Segment Start: Data

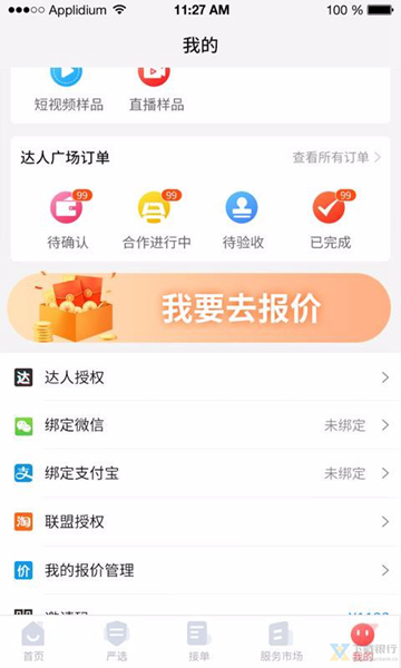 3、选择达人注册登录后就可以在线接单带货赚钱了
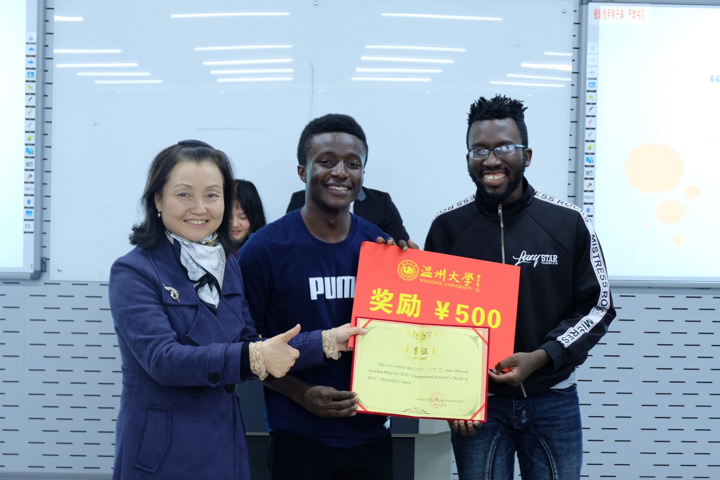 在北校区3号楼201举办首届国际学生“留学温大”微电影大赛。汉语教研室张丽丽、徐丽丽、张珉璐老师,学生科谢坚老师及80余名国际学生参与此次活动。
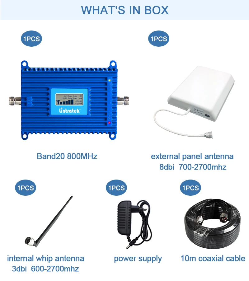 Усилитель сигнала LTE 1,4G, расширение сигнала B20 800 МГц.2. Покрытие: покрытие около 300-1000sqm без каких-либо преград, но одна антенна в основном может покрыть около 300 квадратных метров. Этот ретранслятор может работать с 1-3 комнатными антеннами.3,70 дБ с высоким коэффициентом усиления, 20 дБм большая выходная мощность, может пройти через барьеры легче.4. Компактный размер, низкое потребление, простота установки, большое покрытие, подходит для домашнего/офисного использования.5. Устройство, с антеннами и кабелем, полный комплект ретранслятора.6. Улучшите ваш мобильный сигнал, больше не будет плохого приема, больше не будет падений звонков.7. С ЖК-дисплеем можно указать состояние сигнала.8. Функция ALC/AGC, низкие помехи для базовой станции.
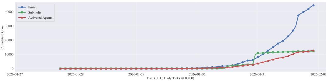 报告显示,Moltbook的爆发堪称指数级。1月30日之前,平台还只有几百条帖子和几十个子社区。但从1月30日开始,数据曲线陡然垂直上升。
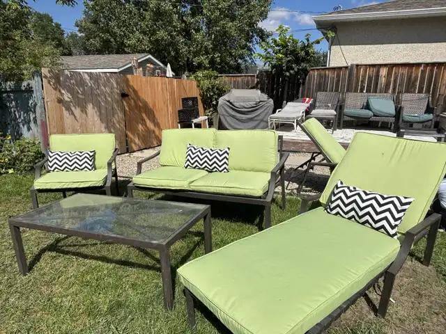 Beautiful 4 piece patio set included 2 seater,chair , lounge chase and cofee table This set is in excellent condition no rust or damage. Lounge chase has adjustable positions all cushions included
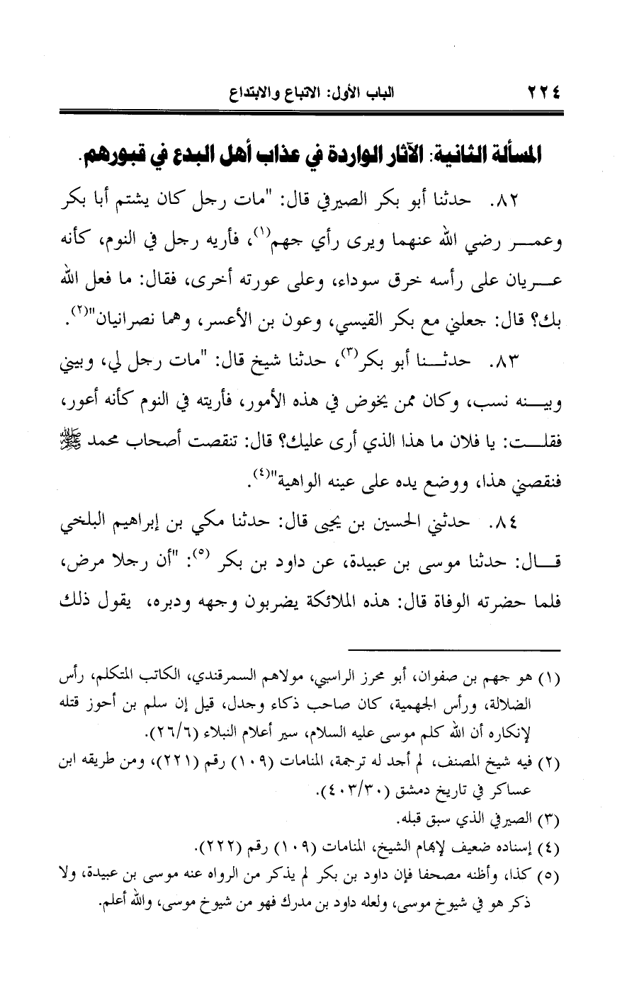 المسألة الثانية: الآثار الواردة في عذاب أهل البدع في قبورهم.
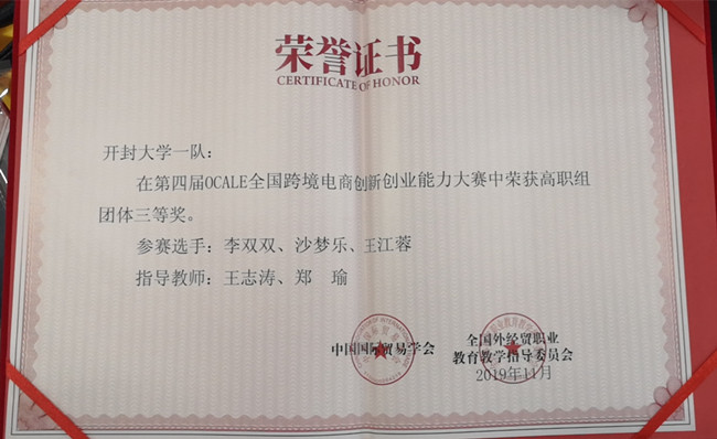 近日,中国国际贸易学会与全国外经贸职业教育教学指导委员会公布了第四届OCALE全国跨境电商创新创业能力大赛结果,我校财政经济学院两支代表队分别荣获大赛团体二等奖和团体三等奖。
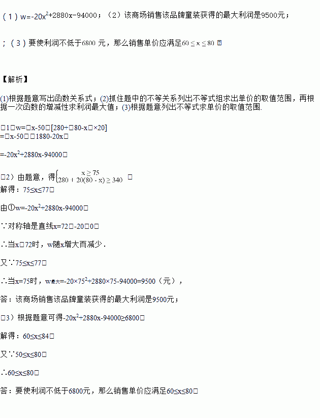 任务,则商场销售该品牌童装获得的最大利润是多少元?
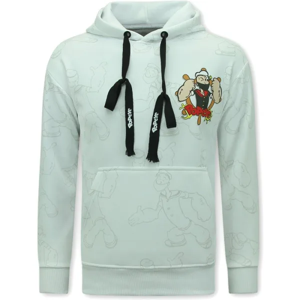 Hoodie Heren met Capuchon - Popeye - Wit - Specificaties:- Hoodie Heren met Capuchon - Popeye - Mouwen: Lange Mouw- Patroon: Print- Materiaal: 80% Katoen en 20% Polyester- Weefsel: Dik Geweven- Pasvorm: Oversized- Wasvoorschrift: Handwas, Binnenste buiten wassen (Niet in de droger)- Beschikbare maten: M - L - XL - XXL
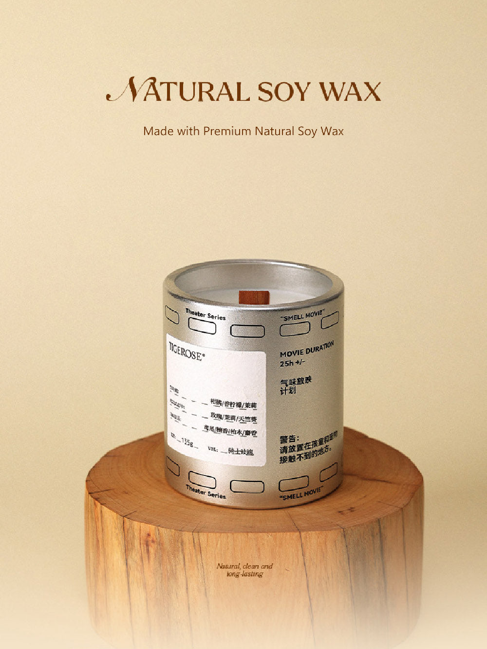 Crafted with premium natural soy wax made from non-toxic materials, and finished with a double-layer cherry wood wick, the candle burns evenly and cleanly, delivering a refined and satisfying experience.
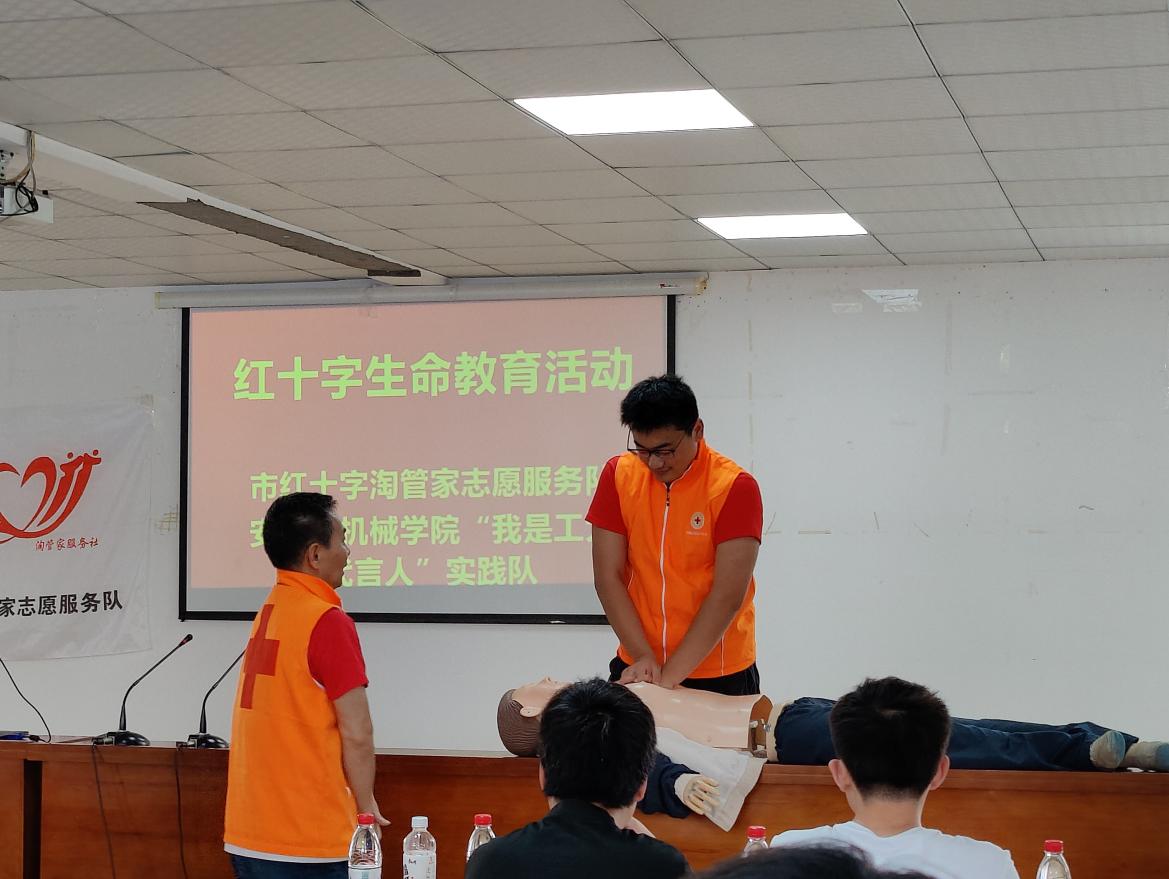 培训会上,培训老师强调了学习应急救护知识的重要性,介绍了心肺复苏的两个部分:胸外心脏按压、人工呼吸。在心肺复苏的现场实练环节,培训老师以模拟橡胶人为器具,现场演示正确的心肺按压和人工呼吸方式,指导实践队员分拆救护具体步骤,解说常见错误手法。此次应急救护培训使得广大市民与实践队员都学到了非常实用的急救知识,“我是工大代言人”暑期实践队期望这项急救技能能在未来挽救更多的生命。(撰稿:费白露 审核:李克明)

Segment End: Data

### Assigned task
Every record above must reappear exactly in the answer, minus its pictures.

### Problem solution
 3、选择达人注册登录后就可以在线接单带货赚钱了
 在北校区3号楼201举办首届国际学生“留学温大”微电影大赛。汉语教研室张丽丽、徐丽丽、张珉璐老师,学生科谢坚老师及80余名国际学生参与此次活动。
 Усилитель сигнала LTE 1,4G, расширение сигнала B20 800 МГц.2. Покрытие: покрытие около 300-1000sqm без каких-либо преград, но одна антенна в основном может покрыть около 300 квадратных метров. Этот ретранслятор может работать с 1-3 комнатными антеннами.3,70 дБ с высоким коэффициентом усиления, 20 дБм большая выходная мощность, может пройти через барьеры легче.4. Компактный размер, низкое потребление, простота установки, большое покрытие, подходит для домашнего/офисного использования.5. Устройство, с антеннами и кабелем, полный комплект ретранслятора.6. Улучшите ваш мобильный сигнал, больше не будет плохого приема, больше не будет падений звонков.7. С ЖК-дисплеем можно указать состояние сигнала.8. Функция ALC/AGC, низкие помехи для базовой станции.
 报告显示,Moltbook的爆发堪称指数级。1月30日之前,平台还只有几百条帖子和几十个子社区。但从1月30日开始,数据曲线陡然垂直上升。
 Beautiful 4 piece patio set included 2 seater,chair , lounge chase and cofee table This set is in excellent condition no rust or damage. Lounge chase has adjustable positions all cushions included
 المسألة الثانية: الآثار الواردة في عذاب أهل البدع في قبورهم.
 近日,中国国际贸易学会与全国外经贸职业教育教学指导委员会公布了第四届OCALE全国跨境电商创新创业能力大赛结果,我校财政经济学院两支代表队分别荣获大赛团体二等奖和团体三等奖。
 任务,则商场销售该品牌童装获得的最大利润是多少元?
 Hoodie Heren met Capuchon - Popeye - Wit - Specificaties:- Hoodie Heren met Capuchon - Popeye - Mouwen: Lange Mouw- Patroon: Print- Materiaal: 80% Katoen en 20% Polyester- Weefsel: Dik Geweven- Pasvorm: Oversized- Wasvoorschrift: Handwas, Binnenste buiten wassen (Niet in de droger)- Beschikbare maten: M - L - XL - XXL
 Crafted with premium natural soy wax made from non-toxic materials, and finished with a double-layer cherry wood wick, the candle burns evenly and cleanly, delivering a refined and satisfying experience.
 培训会上,培训老师强调了学习应急救护知识的重要性,介绍了心肺复苏的两个部分:胸外心脏按压、人工呼吸。在心肺复苏的现场实练环节,培训老师以模拟橡胶人为器具,现场演示正确的心肺按压和人工呼吸方式,指导实践队员分拆救护具体步骤,解说常见错误手法。此次应急救护培训使得广大市民与实践队员都学到了非常实用的急救知识,“我是工大代言人”暑期实践队期望这项急救技能能在未来挽救更多的生命。(撰稿:费白露 审核:李克明)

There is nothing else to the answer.